Studies like those typified in the introduction require quite sophisticated data. First of all, one must identify family relationships, i.e., find out who is related to whom. Second, one needs data on parental resources such as income and education as well as similar outcome measures for offspring.

2.1. Defining family connections
A major virtue of Swedish registers for the type of studies considered in this paper is that family connections can be identified simultaneously in two different ways. One data source, the so called Multi-generational register, contains connections between parents and children via biology and adoption. This register has been created specifically for research purposes by SCB in the last ten years out of other demographic information. The underlying population of this register is all Swedes who were born 1932 or later and registered as living in Sweden any time from 1961 onwards. For those individuals, the register contains information about biological and adoptive parents. Thus, one can also identify full and half siblings and in some cases more than two generations.

The other data source for family, or rather household, connections is the bidecennial censuses conducted from 1960 to 1990. There were also censuses in 1955 and back in time but the data from these ones are not available in computerized form. The censuses covered the whole population living in Sweden in the fall of the year that it was conducted. A major effort in the censuses was to define the household in which each person lived. In addition, the censuses collected other types of information like housing conditions, employment and commuting distances for those who worked in the labor market, and in some cases also information about the educational level of the household members.

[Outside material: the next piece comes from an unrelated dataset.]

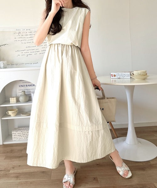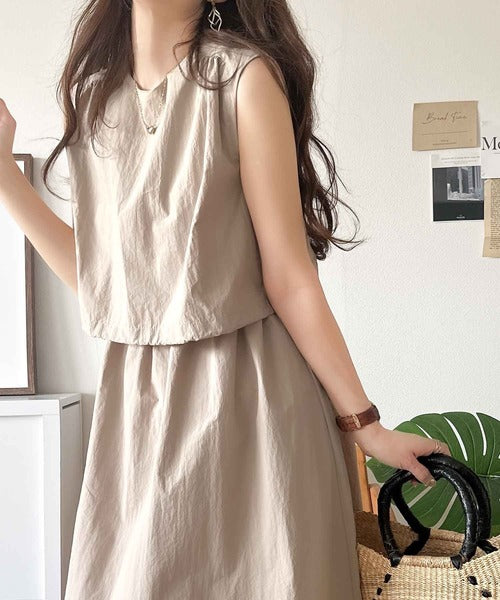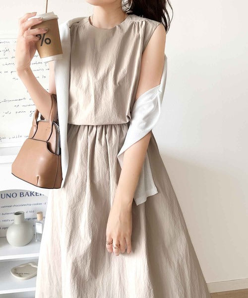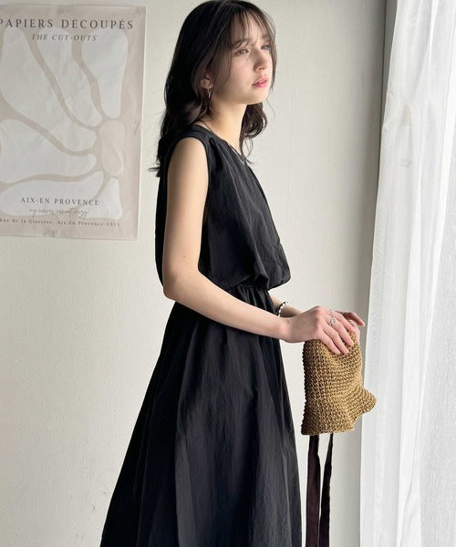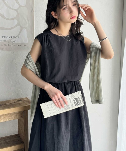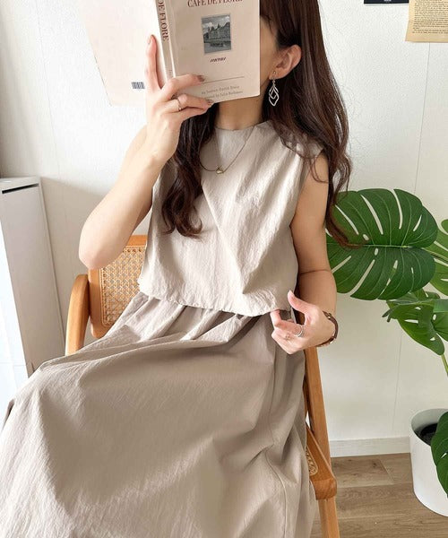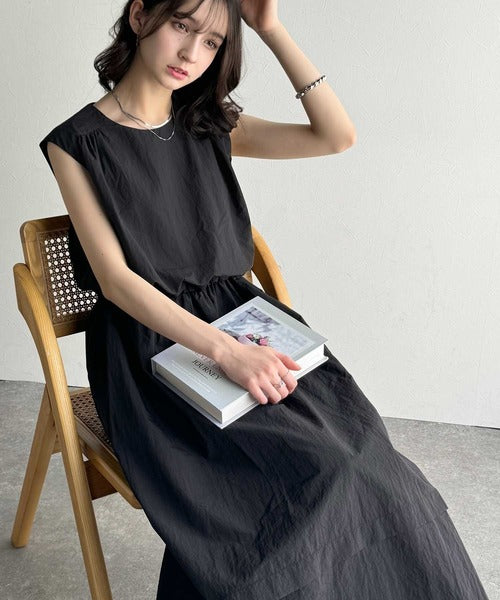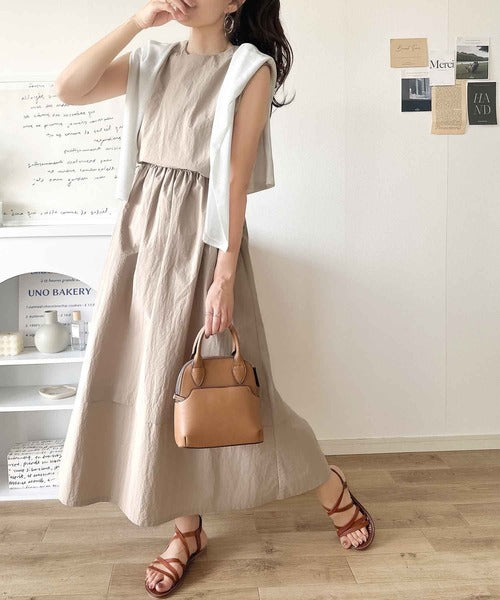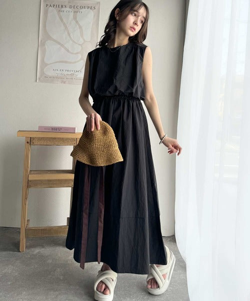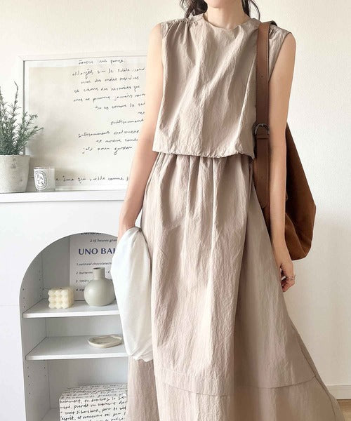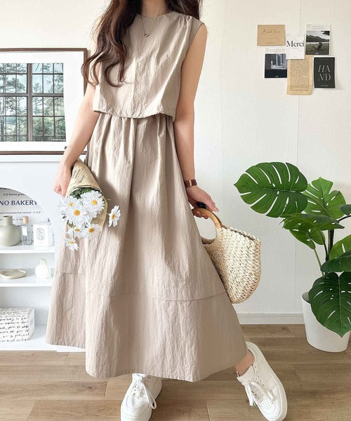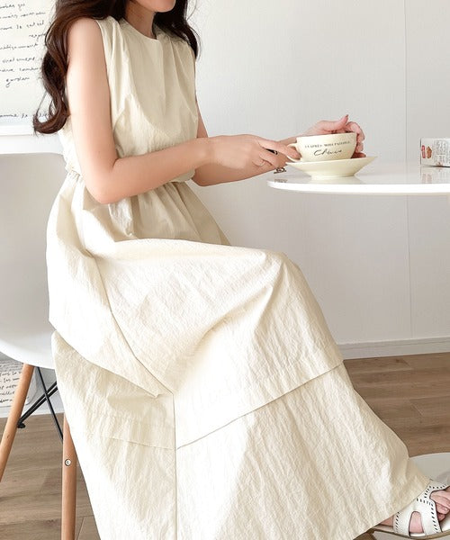 1枚で即お洒落見え。セットアップ風Aラインノースリーブロングワンピース ce1260341

From the censuses it is thus possible to determine whether a child lives with its biological (or adoptive parents) or not. The presence of step parents and step children can also be determined. Consequently, the combination of data from the multigenerational register and the censuses makes it possible to define a number of family types from the child’s point of view: those living with two biological parents, those living with two adoptive parents, those living with one biological parent only, those living with one biological parent and one step parent and so on. Because some of such family types are quite rare, the sample in a typical survey study would contain only very few observations of them. In nation-wide data sets, however, also quite rare family types appear in reasonably large samples. The fact that the censuses were only conducted every five years is of course a limitation. Thus, an event like parental separation cannot be determined more exactly than that it appeared between two censuses five years apart from each other.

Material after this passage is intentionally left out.